As described above, the present invention measures the power of the laser beam reflected from the deflection surface of a beam splitter whose laser beam is known, and also measures the amount of heat loss of the laser beam by the condenser and the amount of heat reflected from the surface of the workpiece. Since the amount of each laser beam is measured and the laser power of the laser oscillator is controlled according to these measured values, the laser power actually absorbed by the workpiece is always constant, regardless of the surface condition of the workpiece. It is automatically set to a predetermined value and the workpiece is processed uniformly and without defects.
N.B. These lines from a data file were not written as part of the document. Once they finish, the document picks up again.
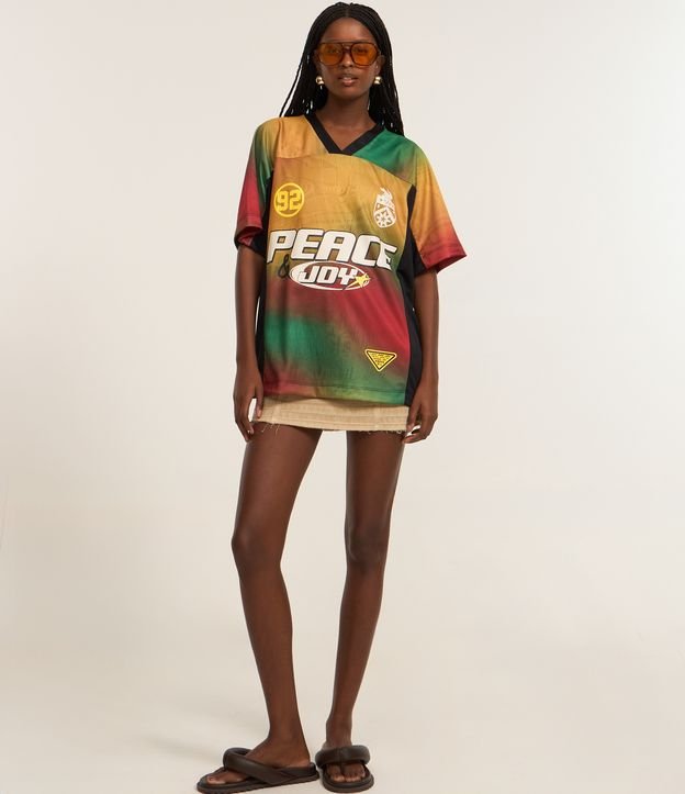 Camiseta feminina de modelo over, confeccionada em poliéster, com gola V e mangas curtas. Possui estampa lettering "Peace Joy" e fundo colorido com degradês.
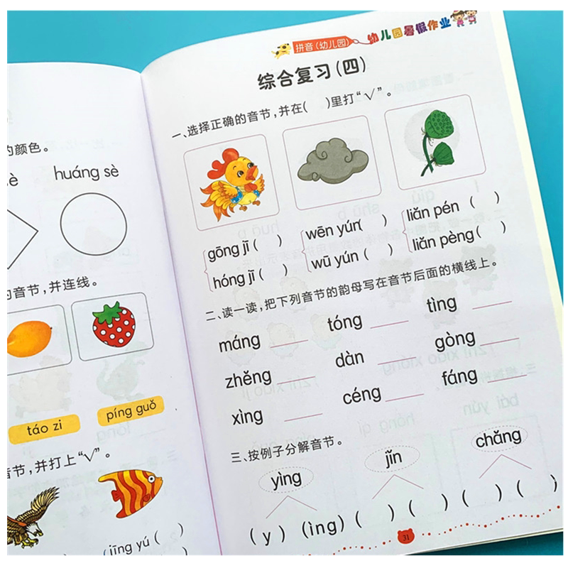 Kindergarten summer vacation homework Phonics math language exercise book Small-small convergence Large-medium-small-class extracurricular book Red book
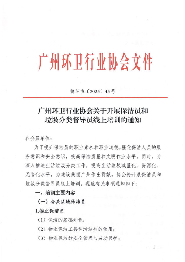 穗环协【2025】45号 (广州环卫行业协会关于开展保洁员和垃圾分类督导员线上培训的通知)
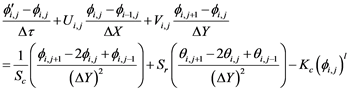 Here the subscripts i and j represent the mesh points with X and Y axes respectively and the superscripts p designates a value of time, τ = p∆τ where
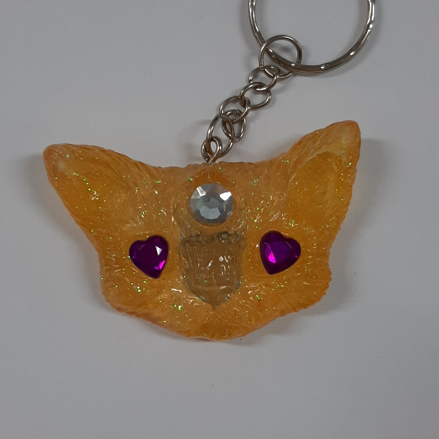 Schlüsselanhänger Katze. Transparent/gelbe Katze, mit lila Herzchen als Augen und einen Diamanten als drittes Auge und mit wenig leuchtend grünen Glitter. Größe ca 6 cm x 5 cm.
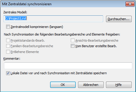 Sie versuchen, eine lokale Datei mit dem zentralen Projektmodell zu synchronisieren.
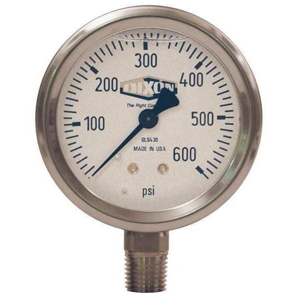 Liquid Fill SS Gauge Lower Mnt, 0-160psi, 1/4 in NPT Lower Location, Stainless Steel Case Material
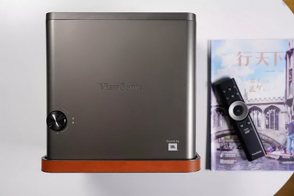 简洁的顶部只有正中间“ViewSonic”的英文logo以及右下角JBL的logo,显而易见,优派X10-4K的高品质音箱来自JBL。而左下角偏上一点是一枚可以旋转的带着同心圆纹理实体按钮,这颗按钮起着电源键和音量键的作用,同时边上还有两颗指示灯,显示着投影仪和蓝牙音箱两种工作模式。

[Brief explanation of drawings]

Fig. 1 is a configuration diagram showing a conventional laser processing device, Fig. 2 is a sectional view showing another conventional embodiment for measuring laser power absorbed by a workpiece, and Fig. 3 is an embodiment of the present invention. It is a block diagram which shows an example. In the figure, 1 is a laser oscillator, 2 is a laser beam, and 3 is a laser oscillator.
is a concentrator, 6 is a laser power controller, 7 is a beam splitter, 8 is a cone-shaped calorimeter, 9 is a cone, 1
11 is a heat insulator, 12 is a thermoelectric body, 13 is a differential amplifier, 14 is a reflected beam absorber, and 15 is a calorimeter. Note that the same reference numerals in the figures indicate the same or corresponding parts. Figure 3 Figure 1 Figure 2

Claims (1)

[Claims] 1. In a laser processing device that processes a workpiece by focusing a laser beam emitted from a laser oscillator using a condenser and irradiating it onto the surface of a workpiece, the laser beam is a beam splitter that reflects a portion of the laser beam, a first measurement device that measures the output of the laser beam reflected by the beam splitter, and a second measurement device that measures the energy loss of the laser beam in the condenser. a third measuring device that measures the amount of laser beam reflected from the surface of the workpiece; and controlling the laser output of the laser oscillator according to the outputs of the first, second, and third measuring devices. A laser processing device characterized by comprising a control device.